HSBC Holdings Plc – the U.K-based financial services company – has partnered with the Silicon Valley based artificial intelligence startup Ayasdi Inc. to automate some of its compliance processes in order to make its services even more efficient.

HSBC sees 20% drop in number of investigations

In an interview last week, Andy Maguire, the Chief Operating Officer of the bank, said that the financial services company is implementing the AI technology of the company to automate anti money-laundering investigations that have been conventionally conducted by thousands by humans. According to the startup, the vast majority of anti-money laundering investigations at banks do not find any suspicious activity, which results in a waste of resources.

Over the past year, the banking institutions have been hiking up their use of automation and artificial intelligence in a bid to save both time and money on complicated and manual processes ranging from customer service to compliance checks. According to the startup, the banking group ‘HSBC’ saw the number of investigations drop by 20% without reducing the number of cases referred for more scrutiny under Ayasdi tech. In January, Gurjeet Singh, the Executive Chairman and co-founder of Ayasdi, was appointed to the new technology advisory board of HSBC. The advisory board offers guidance and advice to the bank on digital strategy.

Maguire said, “It’s a win-win. We reduce risks and it costs less money.” Also, the banks have been working with young financial technology companies more closely and reducing the amount of tech that gets built in-house.

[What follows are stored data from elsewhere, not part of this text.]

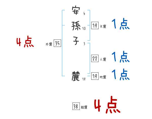外運![]() | 安孫子麓さんの外運は35画の4つ星!温厚な性格で感受性が高い。穏和な性格で人望が厚い。 生活面を象徴する運勢です。外部から受ける影響力を表し、結婚運、家庭運や職場、環境への順応性を表します。 |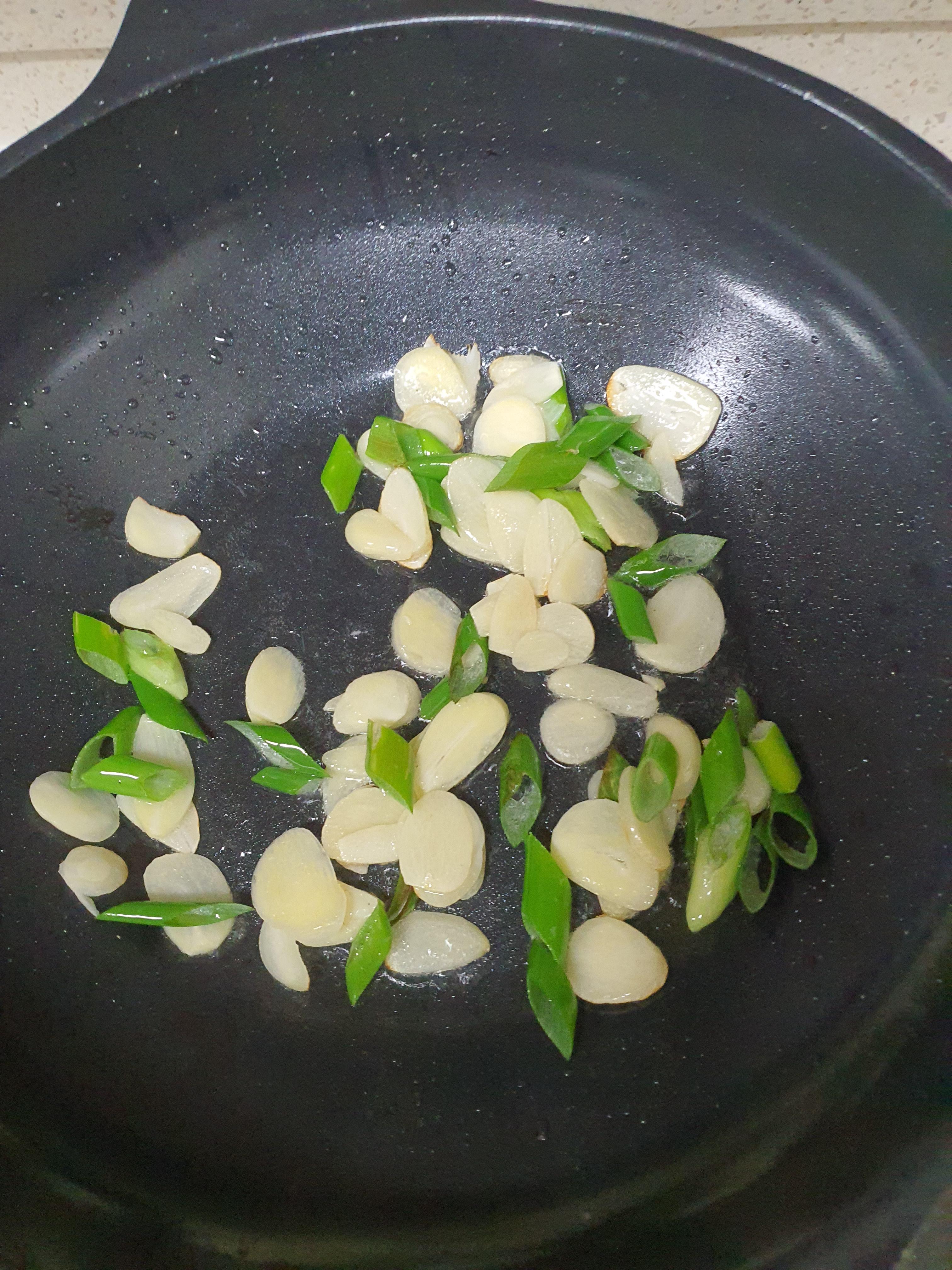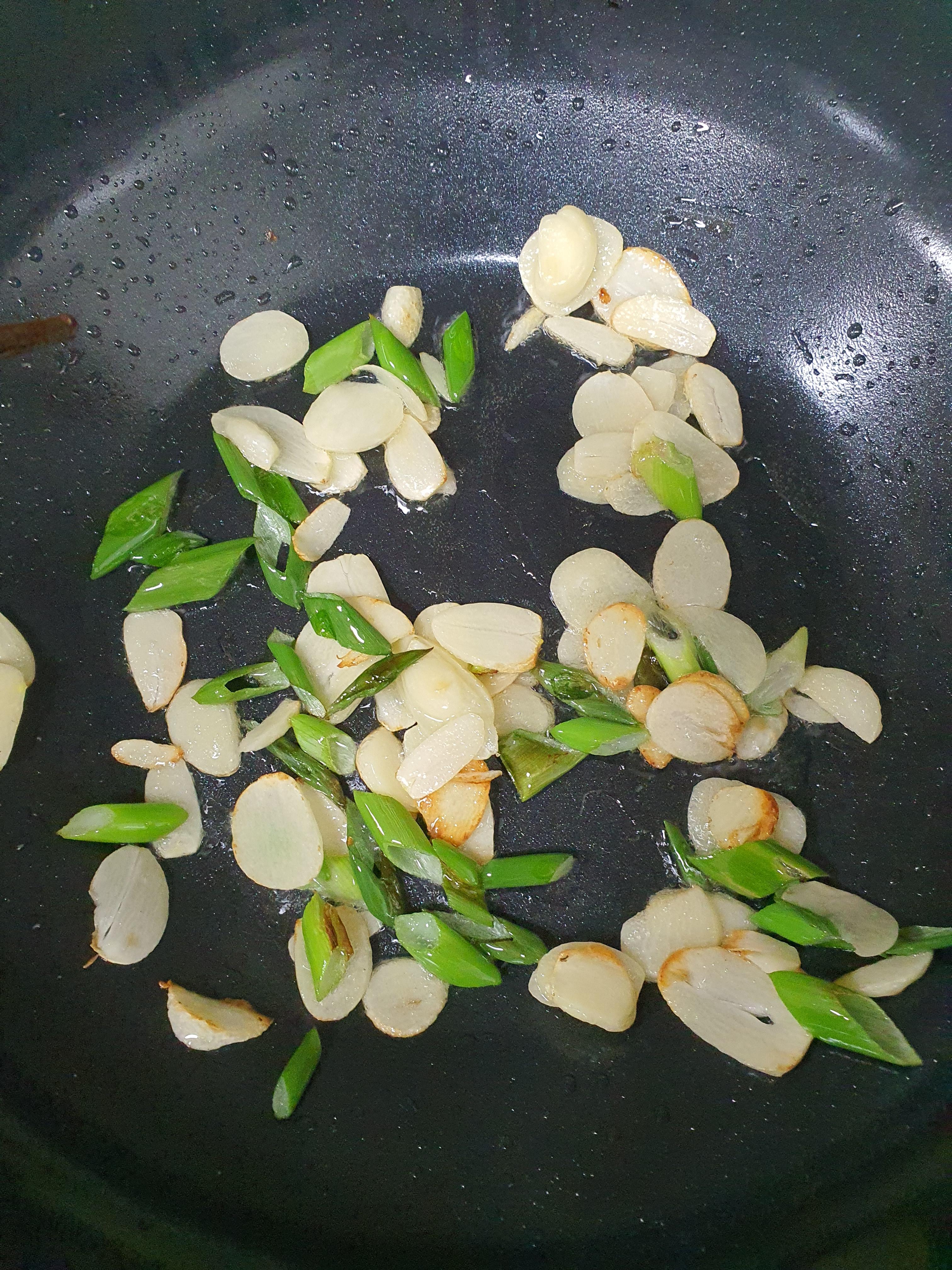 4. 달군 후라이팬에 식용유를 넣고 마늘과 파를 넣고 볶아줍니다.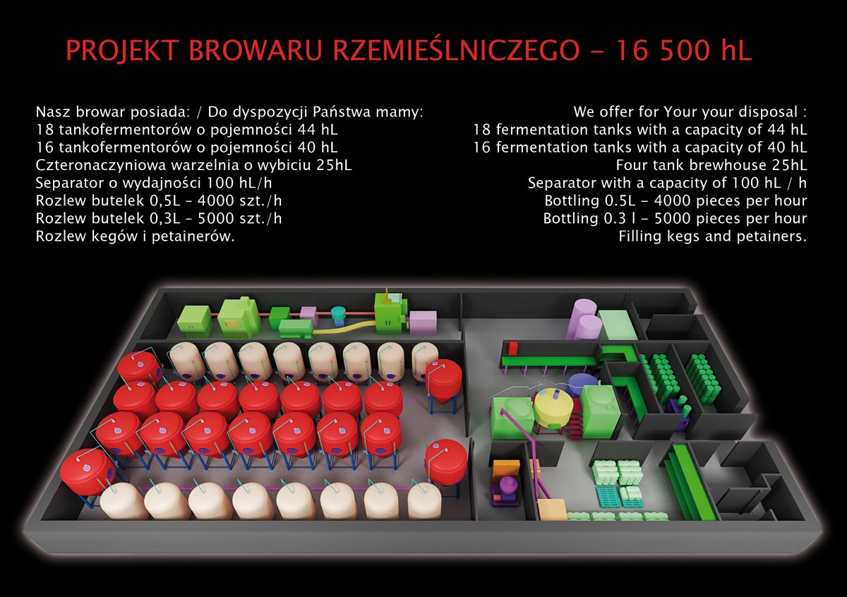 Firma z całym zapleczem technicznym , kompletnie wyposażony Browar Rzemieślniczy o wydajności 16 500 HL , wszystkie maszyny konfekcyjne , pasteryzacja , etc ,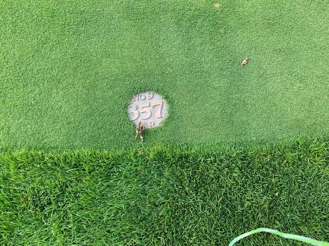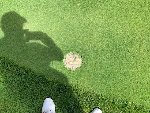 9番357yミドルは、3wで右ラフへ。8アイアンで完璧球と思ったが、バンカーイン。N.Tさんも同じバンカーイン。で、バンカーショットは私が3mに。N.Tさんが奥のカラーへ。で、お互いが外してボギー。平和なイーブンとなりました。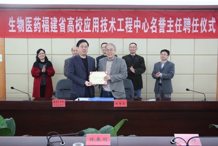3月4日下午,生物医药福建省高校应用技术工程中心聘请福州大学陈国南教授担任工程中心名誉主任聘任仪式在行政楼4楼会议室隆重举行。林春明院长、陈雄副书记、廖伟坚副院长、人事处吴华老师、药学系主任倪峰老师、副主任肖健老师参加了聘任仪式。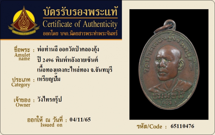 ค้นหาใบการันตีพระแท้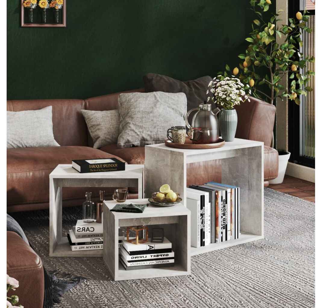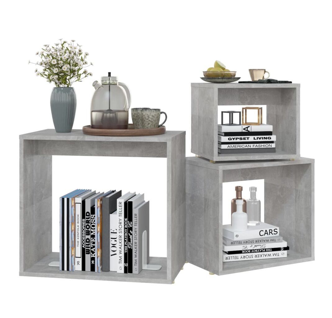 Cantitatea minima pentru "Măsuțe suprapuse, 3 buc., gri beton, PAL" este 1.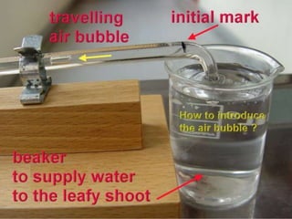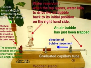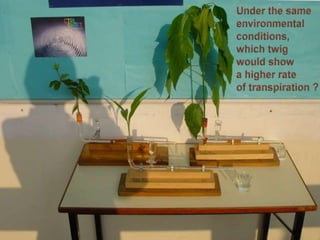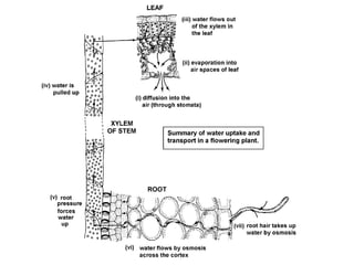Plant transport systems include xylem and phloem. Xylem transports water and minerals upwards from roots to shoots passively, using no energy. Phloem transports food such as sucrose horizontally throughout the plant using energy from ATP. Xylem vessels are located towards the edges of stems to resist bending forces, while located centrally in roots to withstand stretching. Transpiration is the evaporation of water from plant leaves, powered by the transpiration stream which replaces lost water. Transpiration cools plants and transports minerals upwards from roots.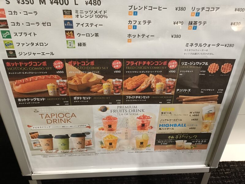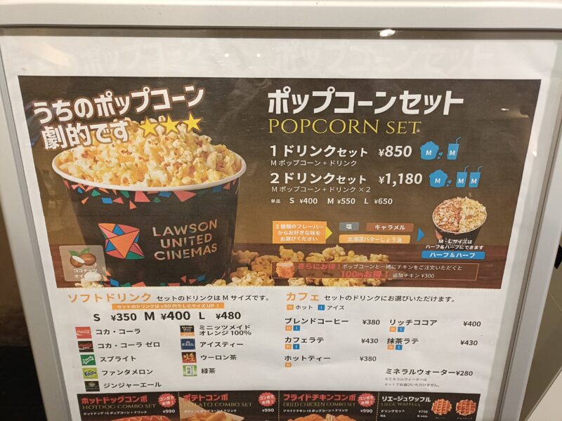 ユナイテッド・シネマ キャナルシティ13の売店のメニュー。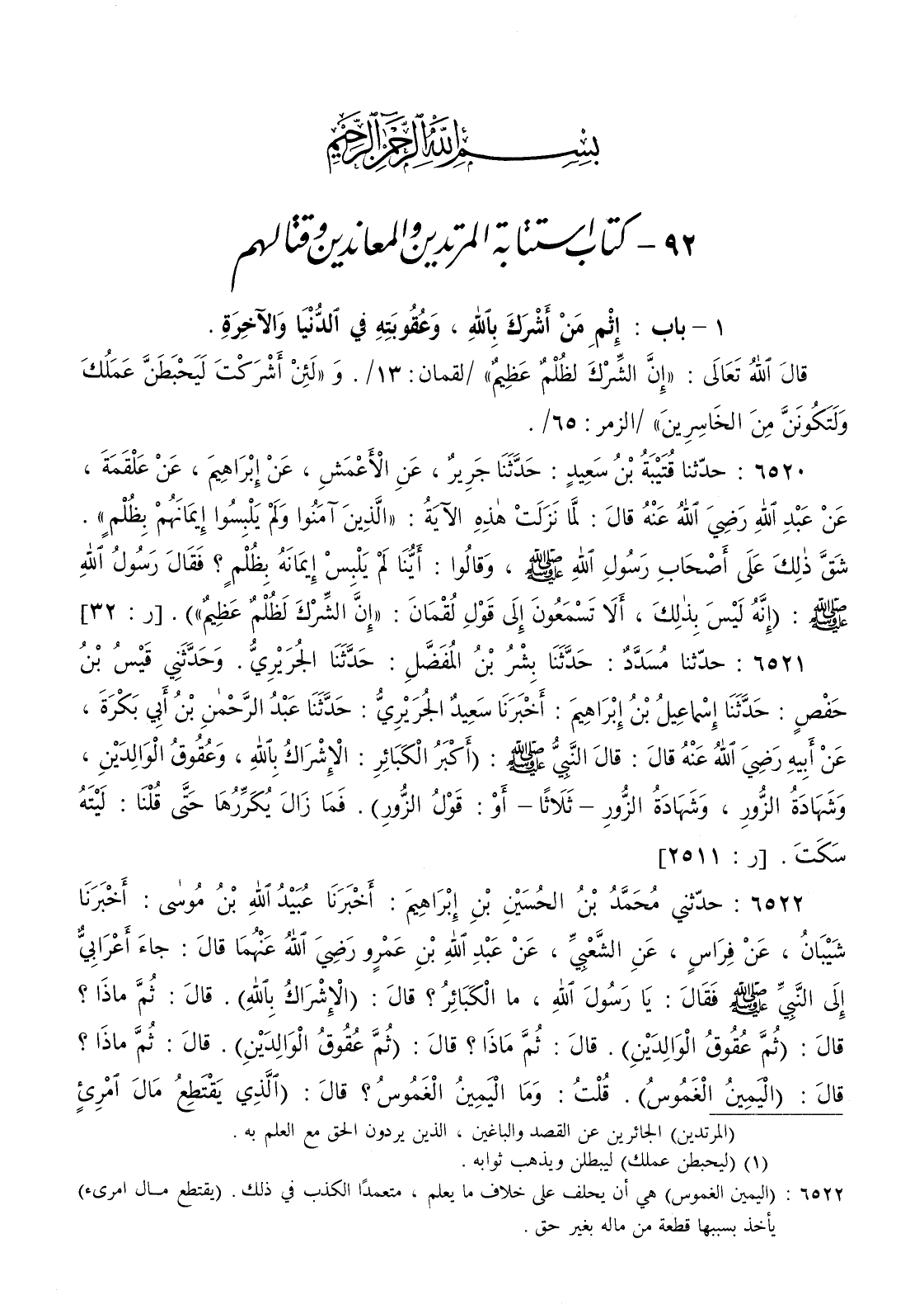 : جاء أعرابي إلى النبي صلى الله عليه و سلم فقال يا رسول الله ما الكبائر ؟ قال ( الإشراك بالله ) . قال ثم ماذا ؟ قال ( ثم عقوق الوالدين ) . قال ثم ماذا ؟ قال ( ثم عقوق الوالدين ) . قال ثم ماذا ؟ قال ( اليمين الغموس ) . قلت وما اليمين الغموس ؟ قال ( الذي يقتطع مال امرئ مسلم هو فيها كاذب )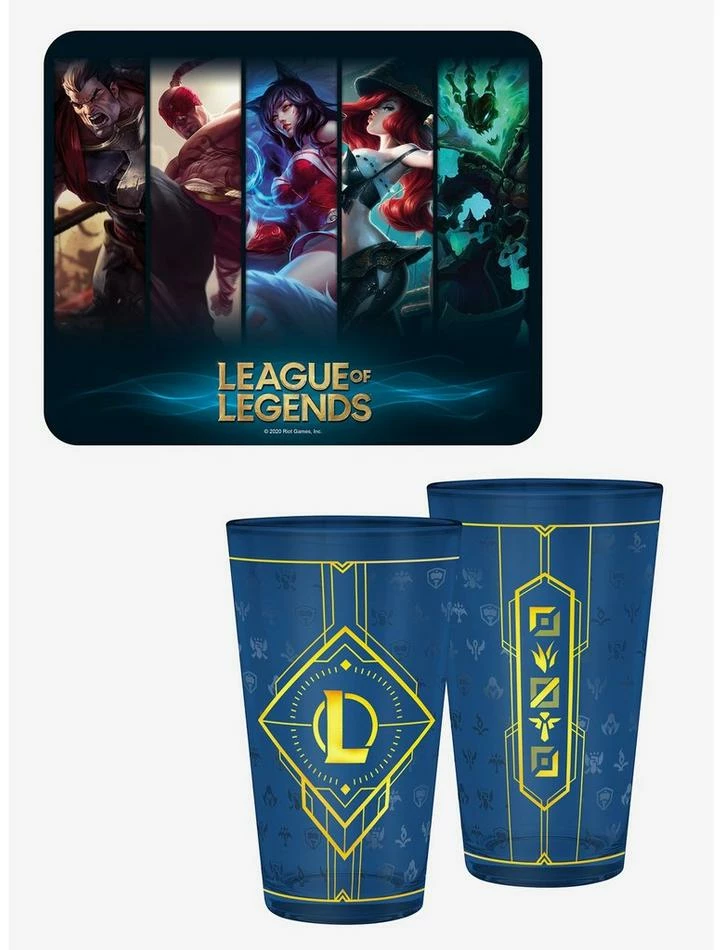 Officially licensed League of Legends products. Glass holds approximately 16 oz. Mouse pad features fan-favorite champions including Darius, Ahri, Miss Fortune, and more. Glass features the League of Legends logo and a Hextech aesthetic. Mouse pad measures 9.25″ L x 7.7″ H.

Regtech sees significant collaboration

‘Regtech’ – the technology which can assist the financial institutions in staying compliant with regulations and avoid large fines in areas like market manipulation or money laundering – is one of the financial tech areas that have seen significant collaboration.

HSBC assented to pay a $1.92 billion in fines to U.S. authorities in 2012 for allowing itself to be used to launder drug money out of Mexico and other compliance lapses. The banking institutions went on a compliance hiring spree for several years after the financial crisis in order to cope with new rules and increased regulatory investigation.

According to a report by popular news site Reuters, “Banks have recently started cutting back on compliance hiring as they start deploying new technology that can help automate some of the tasks.” Maguire noted that anti-money laundering checks is something that the “whole industry has thrown a lot of bodies at it because that was the way it was being done.”

He further said that the artificial intelligence tech can assist with compliance because it has the ability to do several things that human beings are not typically good at such as augment human capabilities or high frequency high volume data problems.